Hopend op een gunstige beschikking verblijven wij.

Hoogachtend

Het Bestuur der Landbouwvereniging

Anderen.

G. Wolting, Voorzitter.

J. Burema, Secretaris.

Een curieuze brief, die enige toelichting vereist. Tijdens de Eerste Wereldoorlog van 1914-1918 ontstond een groot tekort aan bepaalde levensmiddelen.  Daarom werd vanaf 1917 een distributiesysteem ingevoerd, waarbij alle artikelen ‘op de bon kwamen‘. Iedere persoon of gezin ontving een zogenaamd bonboekje met een stempel voor alle soorten levensmiddelen.  Dit systeem voorkwam dat rijke mensen veel meer konden kopen, wat ten koste zou gaan van andere inwoners.

Je kocht dus iets bij een kruidenier en die knipte dan uit jouw bonboekje het vereiste aantal bonnen.  Waren de bonnen op dan kon je in die bepaalde periode niets meer kopen, en moest je wachten tot er een nieuwe bonkaart kwam.

Wat gebeurde er in Anderen, en waarom schreef de Landbouwvereniging deze brief?

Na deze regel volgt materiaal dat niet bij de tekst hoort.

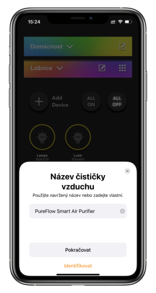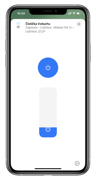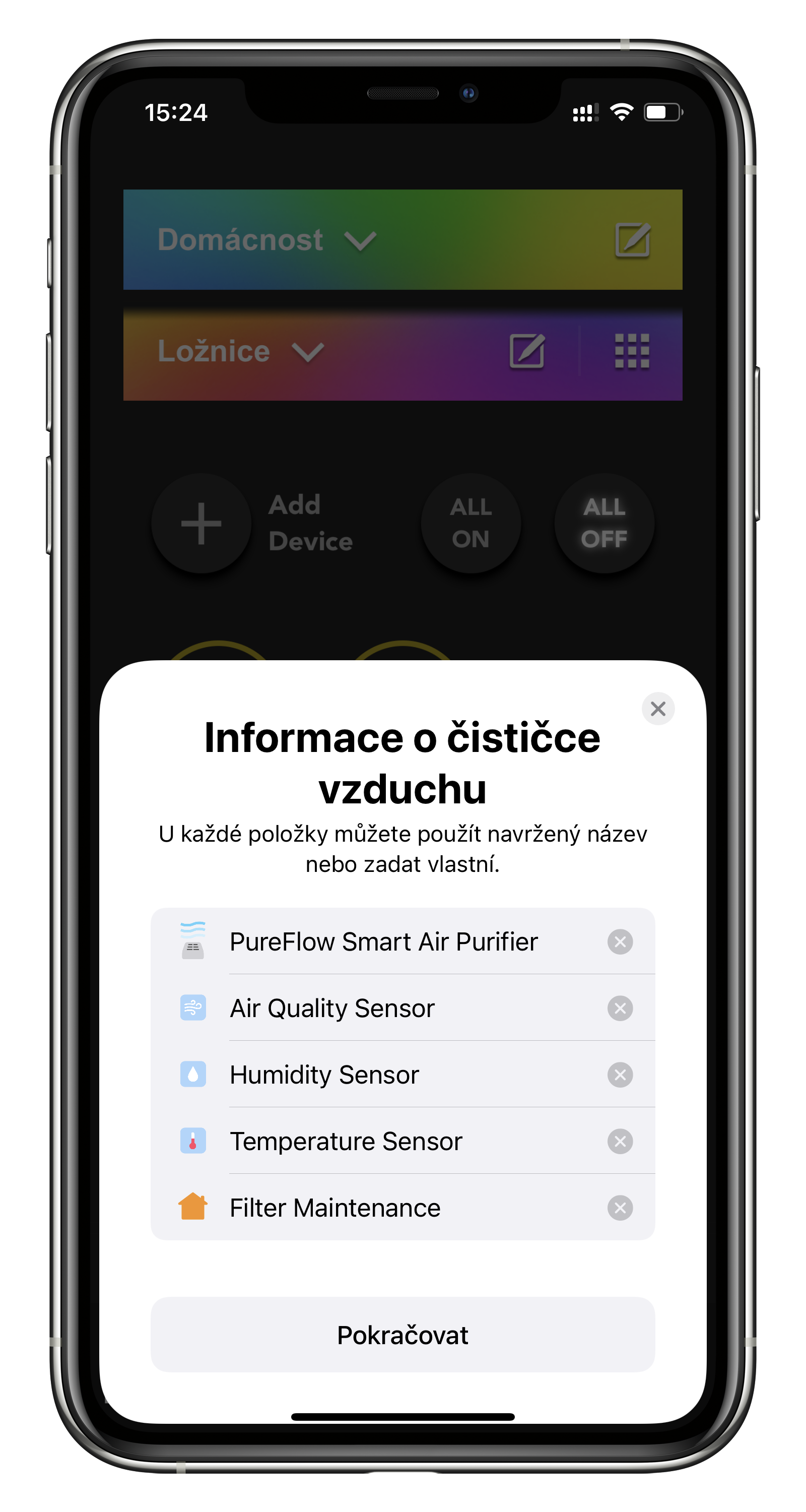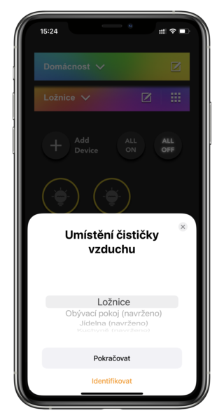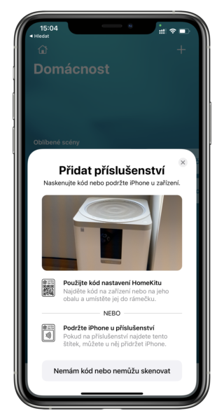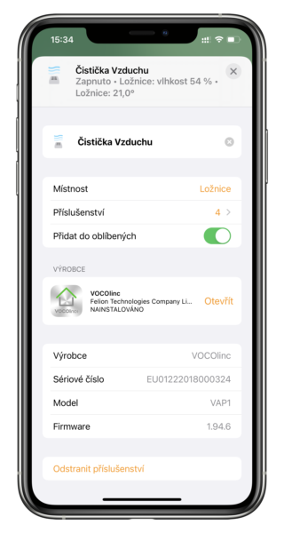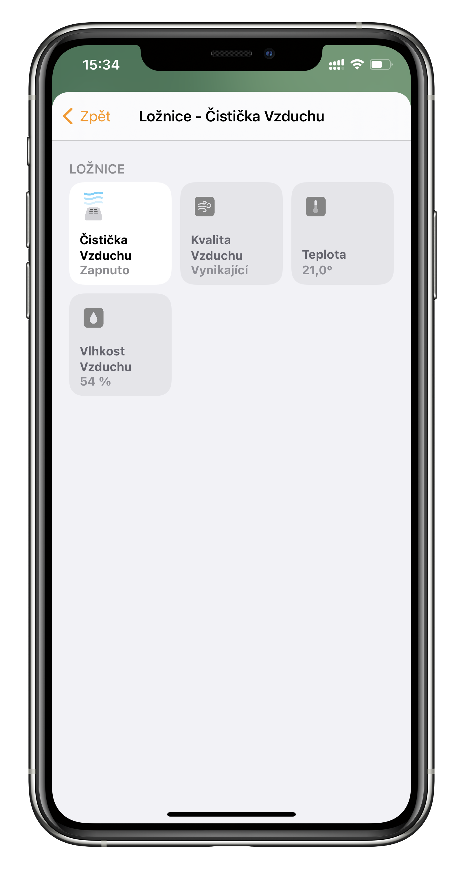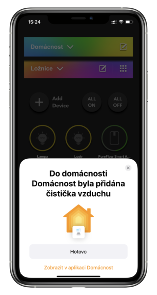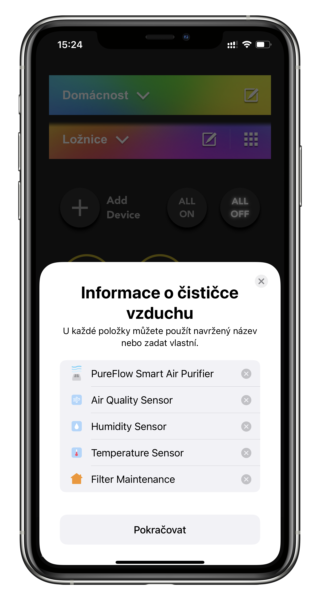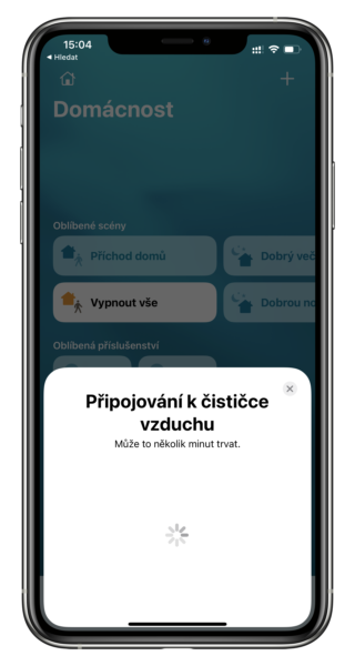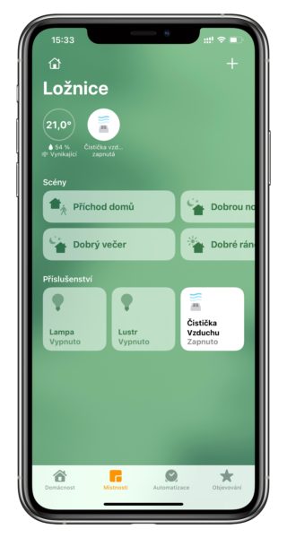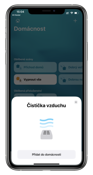 Čističku vzduchu pak ovšem můžete ovládat i přímo z aplikace Domácnost, kde se vám zobrazí pod čtyřmi ikonami. Uvidíte zde senzor kvality vzduchu, senzor vlhkosti, senzor teploty a samotnou čističku. V aplikaci Domácnost můžete také tvořit Scény, Automatizace a můžete daný produkt přiřadit do určité místnosti. Vše pak lze ovládat i hlasem pomocí hlasové asistentky Siri. Pokud chcete příslušenství ovládat i vzdáleně budete potřebovat tzv. Domácí centrum, které může tvořit Apple TV, HomePod nebo iPad, který zůstává doma a je připojený k Wi-Fi.

Reinder Lesschen, boer en winkelier van Hagenend 2, waar destijds de winkel was gevestigd, had blijkbaar een niet bij name genoemde niet-inwoner van het dorp iets verkocht.  En vermoedelijk had hij daarvoor niet het vereiste aantal bonnen ontvangen.  Hij verdiende in ieder geval niets aan de verkoop.

De straf voor Lesschen was zwaar, zijn vergunning zou worden ingetrokken, de winkel moest dicht.  Maar omdat hij de enige winkelier in Anderen was zouden ook de inwoners van Anderen erg gestraft worden.

Het bestuur van de Landbouwvereniging werd daarom ingeschakeld om de burgemeester van dit dreigende probleem op de hoogte te stellen.

Voor zover wij weten is daarna de zaak in het voordeel van Lesschen geschikt want de winkel bleef bestaan.

De Landbouwvereniging werd ingeschakeld omdat die veruit het grootste aantal leden had  (er bestond toen nog geen Commissie Dorpsbelangen.)  Voorzitter Geert Wolting was boer op ’t Loeg 25 en secretaris Jurjen Burema was het hoofd der school.  En van een schoolmeester mocht je verwachten dat hij de notulen en het schrijven van brieven op een goede manier kon verrichten. Dat heeft hij tientallen jaren lang gedaan.

Er is slechts weinig van de winkel uit die tijd bekend. De winkel werd ergens tussen 1907 en 1917 opgericht omdat twee zonen van Reinder, Hendrik en Albert, ‘gebrekkig waren’ en geen zware landbouw-werkzaamheden konden doen.  Hendrik was de winkelier en Albert de hulp.

Er konden eikels bij de winkel worden ingeleverd tegen een vergoeding van 10 cent per spint (± 5 liter) of desnoods in ruil voor een paar klompen.  De eikels werden dan weer verkocht als zaaigoed of als veevoer. 

In 1932 werd de winkel verplaatst naar ’t Loeg 3.  In 1969 werd de deur van de winkel voorgoed gesloten.